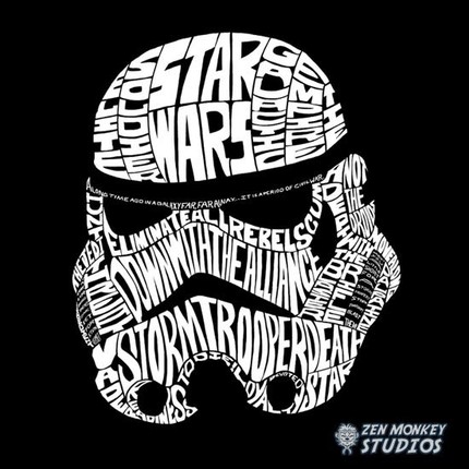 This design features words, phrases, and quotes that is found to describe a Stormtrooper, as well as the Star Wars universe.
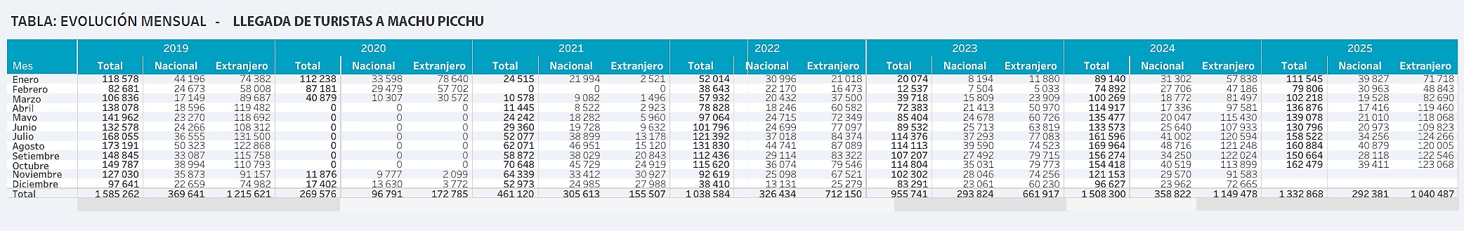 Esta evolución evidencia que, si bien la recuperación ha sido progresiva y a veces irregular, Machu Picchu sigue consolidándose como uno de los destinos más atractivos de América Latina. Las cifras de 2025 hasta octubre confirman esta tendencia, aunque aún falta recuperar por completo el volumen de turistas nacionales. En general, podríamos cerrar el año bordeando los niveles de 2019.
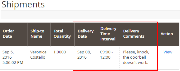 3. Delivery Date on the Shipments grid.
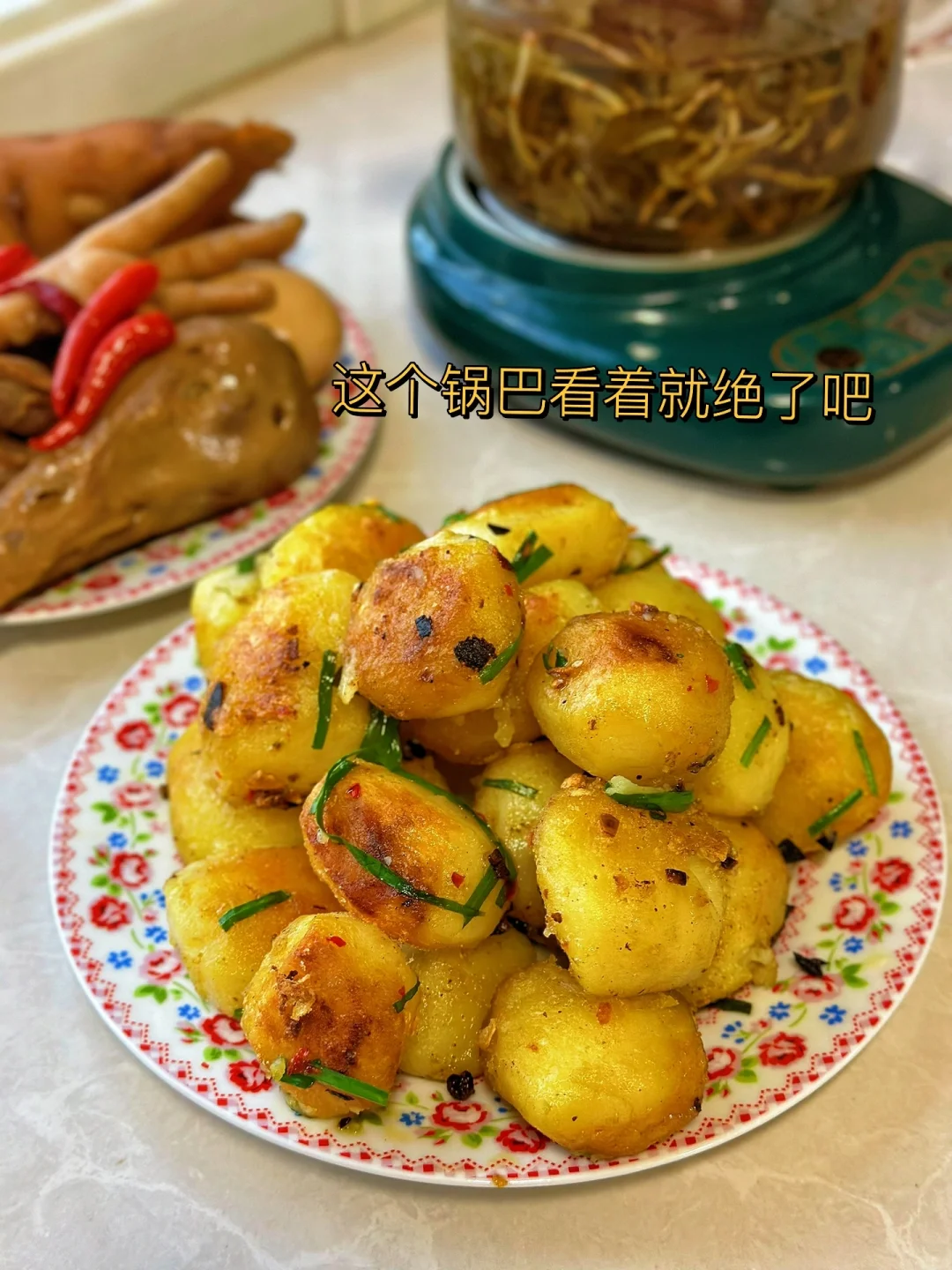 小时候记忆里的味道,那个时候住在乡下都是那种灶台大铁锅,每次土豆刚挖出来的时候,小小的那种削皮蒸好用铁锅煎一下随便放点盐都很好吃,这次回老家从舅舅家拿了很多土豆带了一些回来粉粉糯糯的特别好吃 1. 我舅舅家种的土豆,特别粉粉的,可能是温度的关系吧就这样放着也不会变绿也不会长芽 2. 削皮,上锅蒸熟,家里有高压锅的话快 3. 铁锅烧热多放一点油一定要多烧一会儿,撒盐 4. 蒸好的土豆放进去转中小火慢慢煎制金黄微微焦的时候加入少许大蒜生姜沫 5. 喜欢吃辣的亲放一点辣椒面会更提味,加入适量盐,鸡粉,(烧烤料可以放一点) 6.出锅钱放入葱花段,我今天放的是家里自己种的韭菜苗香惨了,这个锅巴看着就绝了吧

• [Problem description]
Return exactly what appears from the opening line of the material through the line with "3. Delivery Date on the Shipments grid.", apart from the pictures.

• [Result]
 This design features words, phrases, and quotes that is found to describe a Stormtrooper, as well as the Star Wars universe.
 Esta evolución evidencia que, si bien la recuperación ha sido progresiva y a veces irregular, Machu Picchu sigue consolidándose como uno de los destinos más atractivos de América Latina. Las cifras de 2025 hasta octubre confirman esta tendencia, aunque aún falta recuperar por completo el volumen de turistas nacionales. En general, podríamos cerrar el año bordeando los niveles de 2019.
 3. Delivery Date on the Shipments grid.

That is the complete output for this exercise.